Нам скажут: что может сделать литература против безжалостного натиска открытого насилия? Но не будем забывать, что насилие не живет в одиночестве и не способно жить в одиночестве: оно обязательно переплетается с ложью.Между ними лежит самая сокровенная, самая глубокая из естественных связей. Насилие находит свое единственное убежище в лжи, ложь — единственная опора в насилии. Любой человек, который однажды провозгласил насилие своим МЕТОДОМ, должен неумолимо избрать ложь своим ПРИНЦИПОМ. При его рождении насилие действует открыто и даже с гордостью. Но как только он становится сильным, твердо установленным, он чувствует разрежение воздуха вокруг себя и не может продолжать существовать, не погрузившись в туман лжи, облекающий их в сладкие разговоры.Он не всегда, не обязательно, открыто душит горло, чаще он требует от своих подданных только клятвы верности лжи, только соучастия в лжи.
И простой шаг простого мужественного человека — не участвовать в лжи, не поддерживать лживые действия! Пусть ЭТО войдет в мир, пусть даже царствует в мире — но не с моей помощью.

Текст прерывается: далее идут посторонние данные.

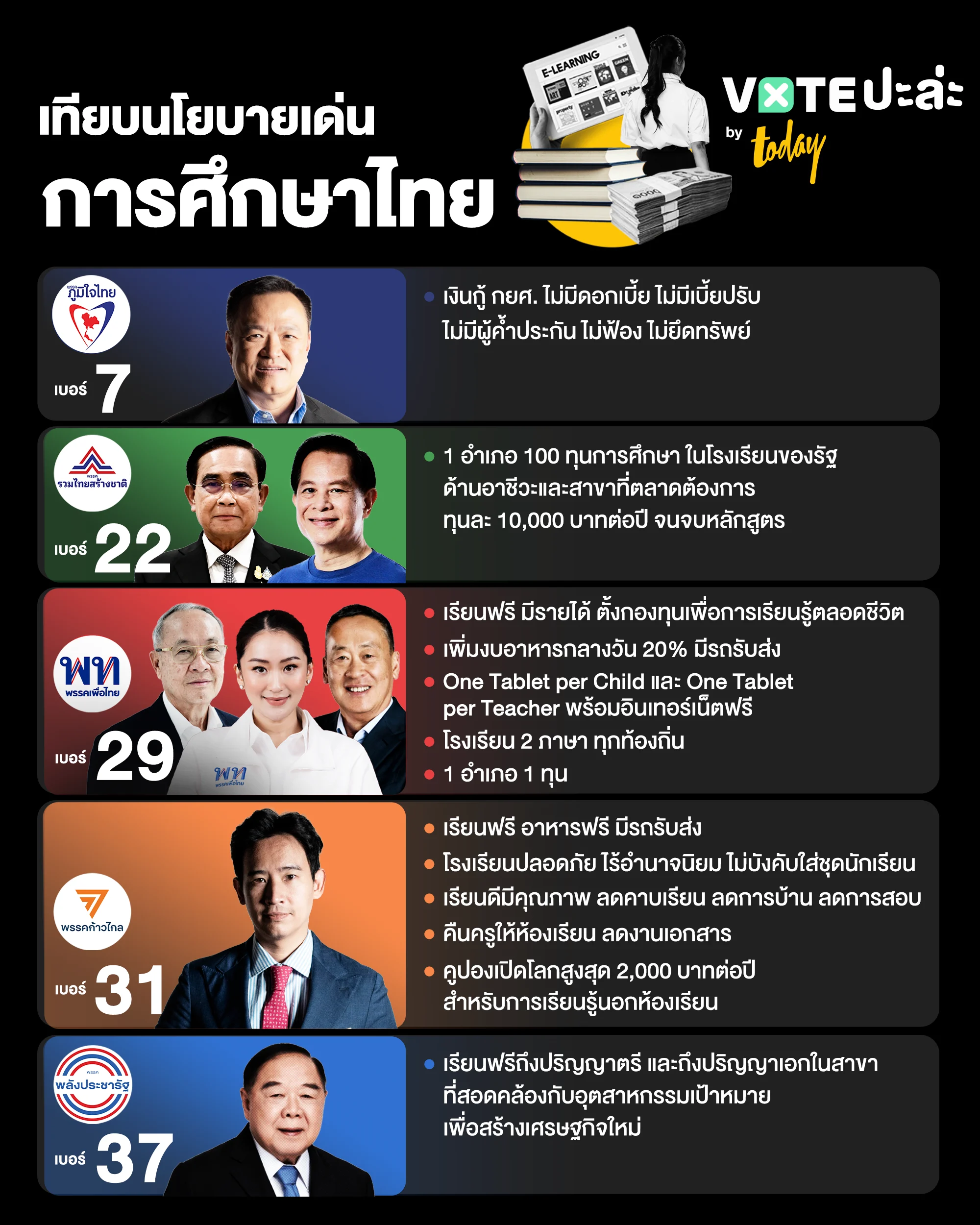สำนักข่าว TODAY รวบรวมนโยบายเด่น ด้านการศึกษา จากพรรคการเมือง 5 พรรค ได้แก่ ภูมิใจไทย รวมไทยสร้างชาติ เพื่อไทย ก้าวไกล และ พลังประชารัฐ ในการเลือกตั้ง 2566 นี้

Но писатели и художники могут добиться большего: они могут ПОБЕДИТЬ ЛОЖЬ! В борьбе с ложью искусство всегда побеждает и всегда побеждает! Открыто, неопровержимо для всех! Ложь может устоять против многого в этом мире, но не против искусства.
И как только ложь будет рассеяна, нагота насилия раскроется во всем своем уродстве — и насилие, дряхлое, падет.

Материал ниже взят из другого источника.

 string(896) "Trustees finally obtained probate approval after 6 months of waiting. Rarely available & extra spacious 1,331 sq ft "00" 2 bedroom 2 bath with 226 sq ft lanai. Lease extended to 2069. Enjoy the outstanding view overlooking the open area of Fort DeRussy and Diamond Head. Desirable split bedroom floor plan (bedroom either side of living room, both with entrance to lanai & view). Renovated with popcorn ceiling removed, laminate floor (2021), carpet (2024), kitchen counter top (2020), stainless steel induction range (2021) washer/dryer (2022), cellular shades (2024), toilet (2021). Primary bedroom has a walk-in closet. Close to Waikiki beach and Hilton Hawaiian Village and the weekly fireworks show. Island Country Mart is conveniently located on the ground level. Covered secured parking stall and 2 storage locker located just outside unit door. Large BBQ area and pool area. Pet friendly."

Вот почему, друзья мои, я верю, что мы можем помочь миру в его раскаленный добела час. Не оправдываясь отсутствием оружия и не предаваясь легкомысленной жизни, а идя на войну!

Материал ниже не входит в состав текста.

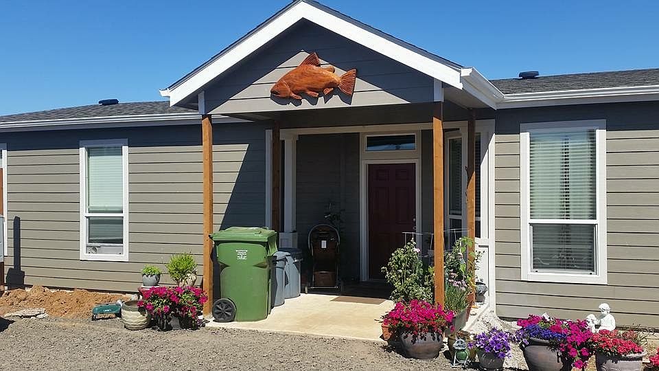 Beautiful manufactured home with lots of upgrades. Gourmet kitchen with double wall ovens, 5-burner propane cooktop with an electric pop-up down draft fan. Corian countertops throughout the kitchen as well as the bathrooms. XLarge stainless steel farmhouse sink is located below a large kitchen window with views of Mt. Hood and Mt Adams. The Kitchen has lots of cabinets and drawers. The cabinetry is knotty alder with custom slide-outs throughout for easy accessibility. The kitchen also has an extra large kitchen island with lots of cupboards and drawers, and easily seats 5 people. A large pot rack hangs above the kitchen island, and is centered between two skylights, which adds wonderful light to the cooking area and kitchen. The kitchen also boasts a large walk-in pantry. Solid alder interior doors throughout are 36” ADA compliant. The dining room has French doors that open to a large covered deck, which can be used all year long. The master bedroom is spacious and large with 4 windows, and plenty of room for lots of furniture. It has an extra large walk-in closet with built-in shelving and room enough for seating. The master bath has a large oval jetted tub surrounded by tile, a large walk-in shower with 2 seats, double sinks with lots of cabinetry storage, and a separate toilet room that easily accommodates a wheelchair. Two additional large bedrooms located on the opposite end of the home, and both have walk-in closets, and a full bathroom nearby. The laundry room is large, and has plenty of room for a freezer, as well as a laundry sorting/folding/hanging area. The back door of the home is located in the laundry room, and opens to the large deck. The entryway and living room are spacious, open and large. Crown molding throughout the main living space. Custom baseboard trim of hard rock maple and alder throughout the home. 2100 square foot shop located on the property. Has a bathroom and beautiful stainless sink/counter area. Great for fish cleaning and preparation. Also has a pellet stove for heating in the winter. Entry doors on each end, and 3 roll-up doors to park your car or boat.

Пословицы об истине очень любимы в русском языке. Они дают устойчивое, а иногда и поразительное выражение немаловажному суровому национальному опыту:
ОДНО СЛОВО ИСТИНЫ ВЕСИТ ВЕСЬ МИР.
И именно здесь, на воображаемой фантазии, нарушении принципа сохранения массы и энергии, я основываю как свою деятельность, так и свое обращение к писателям всего мира.
* Поставляется только в Шведскую академию и не читается как лекция.
1. Главное управление исправительно-трудовых лагерей.
Из Нобелевских лекций, литература 1968-1980 годов , ответственный редактор Торе Френгсмир, редактор Стуре Аллен, World Scientific Publishing Co., Сингапур, 1993 г. Авторское право © Нобелевский фонд 1970 г. Для цитирования в этом разделе
MLA style: Александр Солженицын — Нобелевская лекция. NobelPrize.org. Нобелевская премия AB 2021. Вс. 1 августа 2021 г.
Александр Солженицын — Биография — NobelPrize.org
Я родился в Кисловодске 11 декабря 1918 года.Мой отец изучал филологические предметы в Московском университете, но не закончил учебу, так как поступил добровольцем, когда разразилась война в 1914 году. Он стал артиллерийским офицером на немецком фронте, воевал всю войну и умер летом 1918 год, за шесть месяцев до моего рождения. Воспитывала меня мама, которая работала стенографисткой, в городе Ростов-на-Дону, где я провела все детство и юность, в 1936 году окончила гимназию. Даже в детстве, без по любым подсказкам со стороны других я хотел стать писателем и, действительно, оказался в значительной степени обычным ювенилией.В 1930-х годах я пытался опубликовать свои сочинения, но не нашел никого, кто хотел бы принять мои рукописи. Я хотел получить литературное образование, но в Ростове такого образования, которое соответствовало бы моим желаниям, получить не удалось. Переехать в Москву было невозможно, отчасти из-за того, что мама была одна и имела слабое здоровье, а отчасти из-за наших скромных обстоятельств. Поэтому я начал учиться на математическом факультете Ростовского университета, где оказалось, что у меня есть значительные способности к математике.Но хотя мне было легко изучить этот предмет, я не чувствовал, что хочу посвятить ему всю свою жизнь. Тем не менее, впоследствии это сыграло благотворную роль в моей судьбе и, по крайней мере, два раза спасало меня от смерти. Ибо я, вероятно, не пережил бы восемь лет лагерей, если бы меня, как математика, не перевели в так называемую шарашию , где я провел четыре года; а позже, во время изгнания, мне разрешили преподавать математику и физику, что облегчило мне жизнь и дало мне возможность писать.Если бы у меня было литературное образование, вполне вероятно, что я бы не пережил эти испытания, а вместо этого подвергался бы еще большему давлению. Позже, правда, я начал получать и литературное образование; Это было с 1939 по 1941 год, в это время я, наряду с физико-математическим факультетом университета, учился заочно в Институте истории, философии и литературы в Москве.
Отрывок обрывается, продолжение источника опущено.